Viele wissen, dass RetroTimes sich schon länger als ein halbes Jahrzehnt über Wasser gehalten hat. Unsere Nachrichten waren dabei immer das Augenmerk unserer Redaktion und haben unserern Erfolg in den letzten Jahren gekrönt. Im Grunde ist RetroTimes jedoch ein Produkt seiner Zeit – im Jahre 2011 eröffnet, fand es seinen Höhepunkt schließlich auch dann, wenn die Retroszene ihren Höhepunkt fand. Dieser Höhepunkt liegt mittlerweile weit in Vergangenheit, die goldenen Zeiten sind vorüber, die Retro- und Habboszene entwickelt sich schon seit mindestens 3 Jahren steil abwärts. Doch was hat das mit den Nachrichten oder Aktualität auf RetroTimes zutun?

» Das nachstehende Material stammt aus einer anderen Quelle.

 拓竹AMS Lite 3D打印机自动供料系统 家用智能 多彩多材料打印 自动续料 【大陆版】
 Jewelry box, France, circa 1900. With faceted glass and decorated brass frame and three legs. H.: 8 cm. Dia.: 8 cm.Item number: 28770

Als ich RetroTimes gegründet hab, damals noch mit PinkFruit, dem ehemaligen RetroTown Administrator zusammen, war ich nicht viel älter als ein dreizehnjähriger Teenager. PinkFruit selbst dürfte nicht viel älter gewesen sein: Damit passten wir so ziemlich ganz  genau in die von Habbo vorgesehene Zielgruppe. Und tatsächlich faszinierte mich die Online Community, das Interesse für Retro Hotels war größer denn je. Die Community interessierte sich für neue, aufregende Retro-Projekte, welche ihren Platz in der Retroszene einnahmen. RetroCentral, RetroNews oder RetroPresse sind nur wenige derer, welche von der Blühtezeit der Retroszene profitieren konnten. Und jetzt? Neben RetroTown, das sich auch nur noch gerade noch so über Wasser hält, und der gutbewährten Retroliste HabboW, gibt es so gut wie keine nennenswerten Fanseiten mehr für die Retroszene. Die Anzahl der Retro Hotels, die über eine Spielerzahl von 100 kommen, ist überschaubar geworden und auch das Interesse an Newcomer lässt stark nach.

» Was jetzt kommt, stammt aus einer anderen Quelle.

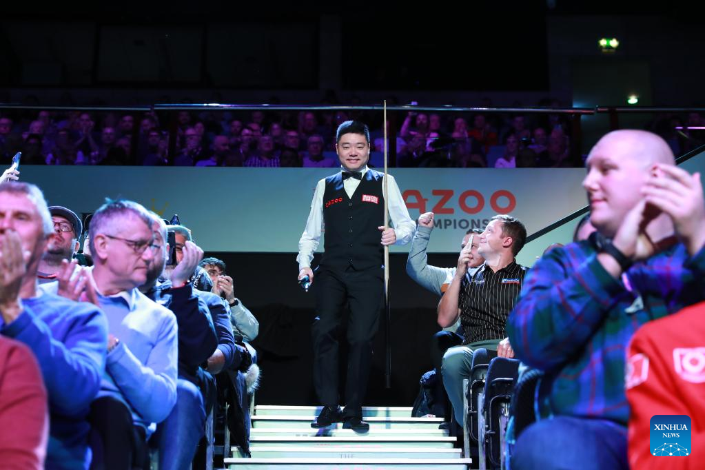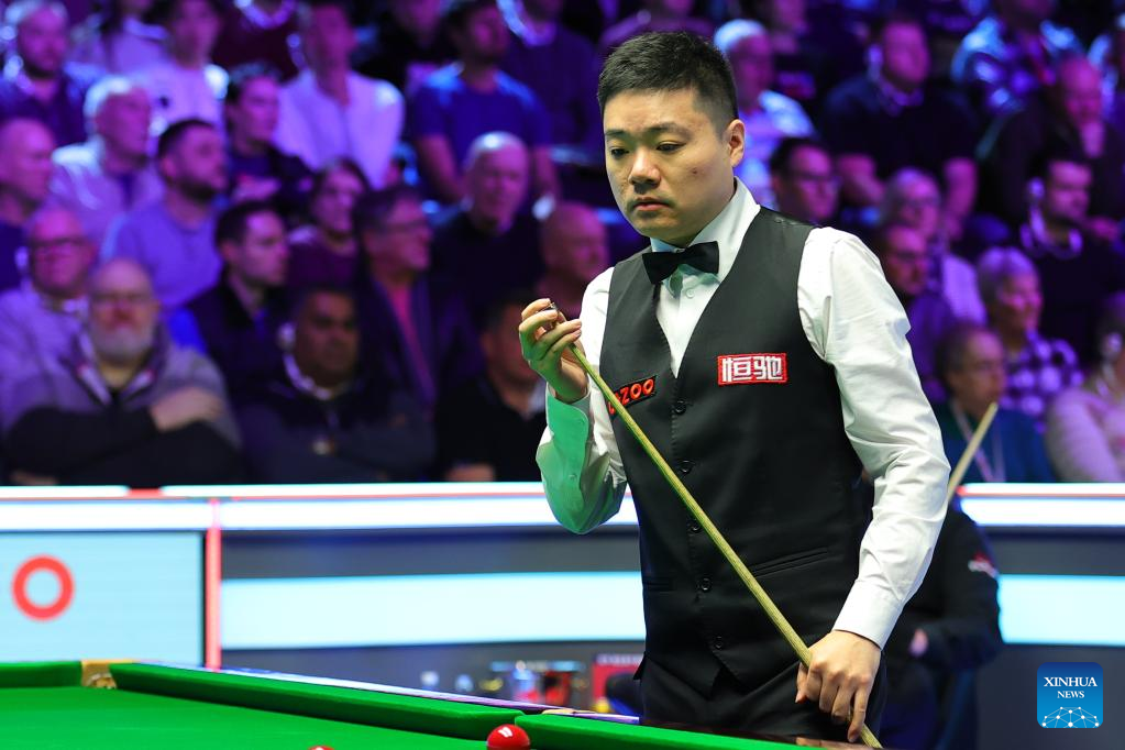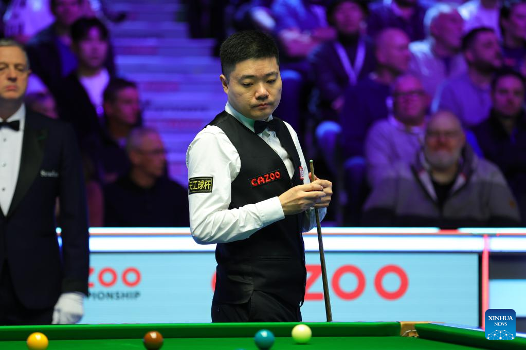 Ding Junhui of China is seen ahead of the second round match against Jamie Clarke of Wales at 2022 UK Snooker Championship in York, Britain, Nov. 17, 2022. (Photo by Zhai Zheng/Xinhua)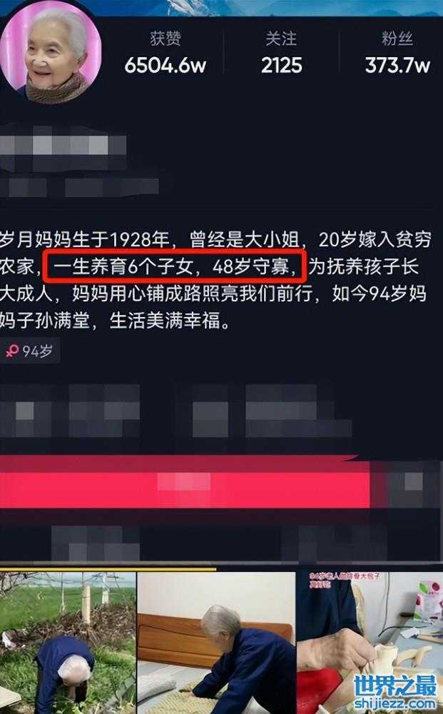 在老奶奶的社交平台主页中,我们可以看到她曾是大小姐,后来嫁到农家,养育了6个子女,48岁便失去了丈夫。短短的几句话,背后却是他人体会不到的艰辛。

In der Realität sieht das ganze dann etwa so aus: Die Generation, die diese Fanseite geprägt hat, steckt mittlerweile in der Ausbildung, mitten oder kurz vor dem zukunftsweisenden Studium oder hat bereits eine Festanstellung in einem Unternehmen. Dinge, die viel Zeit und vor allem Zuwendung verlangen. Ihr fragt euch oft, warum es mittlerweile kaum noch Artikel auf RetroTimes gibt. Auf der anderen Seite werden wir wiederum kritisiert, weil unsere Beiträge oft nicht tief genug recherchiert werden. Offen und ehrlich: Ja, das mag manchmal sein. Der Grund ist recht simpel: Lesen ist einfach. Etwas zu schreiben, was gut lesbar ist und ein Thema journalistisch so behandelt, dass es jeder versteht, ist umso schwieriger. Das glaubt ihr nicht? Dann kann ich euch nur dazu raten, es selbst auszuprobieren: Verfasst zu einem beliebigen Thema der Retroszene einen journalistisch detailliert aufgearbeiteten Text. Dann seht ihr schon, was ich meine. Da ist es erstmal irrelevant, ob es nur ein Hobbyprojekt oder etwas ernstes ist: Schreiben bleibt Schreiben. Man sagt, Schreiben ist ein Handwerk, was man über Wochen und Monate hinweg üben muss. Ich persönlich habe diese Erfahrung seit 2011 gemacht – das trifft auf die wenigsten der derzeit noch aktiven Redakteure zu, denn auch sie sind nicht aus dem Himmel gefallen.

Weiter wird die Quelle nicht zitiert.